DAKAR, Senegal, April 13, (AP): Russian military trainers arrived this week in Niger to reinforce the country’s air defenses as the west African nation pulls away from close cooperation with the United States in counterterrorism efforts, turning instead to Russia for security.
State television in Niger on Thursday broadcast footage of Russian military trainers arriving in the country aboard a plane equipped with military supplies. Two Russian trainers were filmed in front of the plane at night wearing military uniforms, caps and face coverings.
“We are here to train the Nigerien army to use the military equipment that is here,” one of the Russian trainers said in the broadcast, speaking in French. “We are here to develop military cooperation between Russia and Niger.”
Niger’s ruling military council, known as the CNSP, has yet to order American troops out, US officials have said. But the arrival of Russian forces makes it complicated for the US forces, along with diplomatic and civilian personnel, to remain in the country. It also throws into doubt the future of joint Niger-US counterinsurgency operations.

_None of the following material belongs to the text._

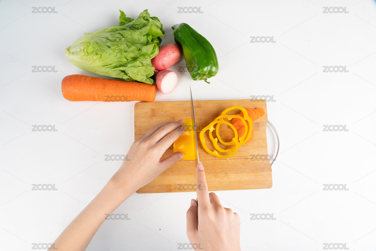 做饭,切菜,切菜板,切配,菜刀,蔬菜,做菜,厨具,彩椒,茴子白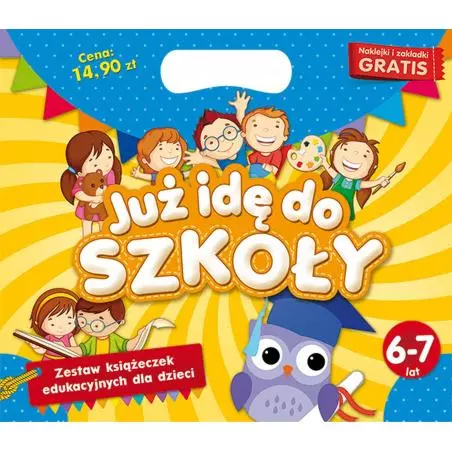 Teczka Już idę do szkoły 6-7 lat zawiera trzy książeczki; Lubię cyferki i naklejam, Czytam sylabami, Klub Sześciolatka.

Until recently, Washington considered Niger a key partner and ally in a region swept by coups in recent years, investing millions of dollars in an airbase in a desert area that served as the heart of American counterinsurgency operations in Africa’s sub-Saharan region known as the Sahel.
The US also invested heavily in training Niger’s forces to beat back insurgencies by militants linked to al-Qaida and the Islamic State group, which ravaged the country and its neighbors. But last summer, some of those elite US-trained forces took part in a coup that ousted the elected president. Since then, relations between Niger’s new leaders and Washington have deteriorated.
Following the visit last month of a US delegation led by the top US envoy to Africa, Molly Phee, the junta announced on state television that flights from the US-built airbase were illegal and that it no longer recognized the American military presence in the country.